The `input_partition_dims=[2,2]` parameter creates a 2×2 spatial partition, mapping model layers across the TPU cores in a grid pattern to accommodate parameters that exceed individual HBM capacity.

## Summary

- **Configuration is flag-driven**: Device selection happens through `distribution_strategy`, `num_gpus`, and `tpu` flags defined in [`official/common/flags.py`](https://github.com/tensorflow/models/blob/main/official/common/flags.py).
- **Factory pattern centralizes logic**: `get_distribution_strategy()` in [`official/common/distribute_utils.py`](https://github.com/tensorflow/models/blob/main/official/common/distribute_utils.py) returns the appropriate `tf.distribute.Strategy` for CPU, GPU, or TPU hardware.
- **Spatial partitioning requires TPU**: Advanced model parallelism is handled by `create_distribution_strategy()` in [`official/vision/train_spatial_partitioning.py`](https://github.com/tensorflow/models/blob/main/official/vision/train_spatial_partitioning.py), which builds custom `DeviceAssignment` objects.
- **Strategy scope is mandatory**: All training scripts wrap model creation in `with distribution_strategy.scope():` to ensure variables are placed on target accelerators.
- **Multi-worker uses TF_CONFIG**: Distributed CPU/GPU training relies on environment variables to configure `MultiWorkerMirroredStrategy` automatically.

## Frequently Asked Questions

### What is the difference between `mirrored` and `multi_worker_mirrored` strategies?

**`mirrored`** creates a `tf.distribute.MirroredStrategy` that handles multiple GPUs on a single machine, while **`multi_worker_mirrored`** instantiates `tf.distribute.experimental.MultiWorkerMirroredStrategy` to synchronize gradients across multiple physical hosts. Use `mirrored` for single-node multi-GPU setups and `multi_worker_mirrored` when distributing across a cluster with the `TF_CONFIG` environment variable set.

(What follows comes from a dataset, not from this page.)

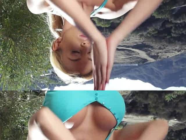 Tall and slender teen with flawless tanned skin and beautiful large natural boobs named Victoria Sweet stops her golf car to mak

### How does spatial partitioning work on TPUs?

**Spatial partitioning** splits a single model across multiple TPU cores using `tf.tpu.experimental.DeviceAssignment`. When you provide `input_partition_dims` (e.g., `[2,2]`), the code in [`official/vision/train_spatial_partitioning.py`](https://github.com/tensorflow/models/blob/main/official/vision/train_spatial_partitioning.py) calculates a computation shape that maps different layers or operations to specific cores in the TPU mesh, enabling training of models that exceed the memory capacity of a single core.

### Can I use the same training script for CPU, GPU, and TPU without code changes?

**Yes.** The TensorFlow Models repository abstracts device specifics through the distribution strategy factory. By changing only the command-line flags (`--distribution_strategy`, `--num_gpus`, `--tpu`), the same training entry point (such as [`official/vision/train_spatial_partitioning.py`](https://github.com/tensorflow/models/blob/main/official/vision/train_spatial_partitioning.py)) automatically configures the appropriate hardware backend and enters the correct strategy scope before building the model graph.

### What happens if I set `--num_gpus=0` with `--distribution_strategy=mirrored`?

**The factory creates a CPU-only `MirroredStrategy`.** In [`distribute_utils.py`](https://github.com/tensorflow/models/blob/main/distribute_utils.py), the code checks `if num_gpus == 0` and sets the device list to `["device:CPU:0"]`, effectively placing all operations on the host CPU even though the strategy type is nominally "mirrored." This is useful for debugging or training small models without accelerator hardware.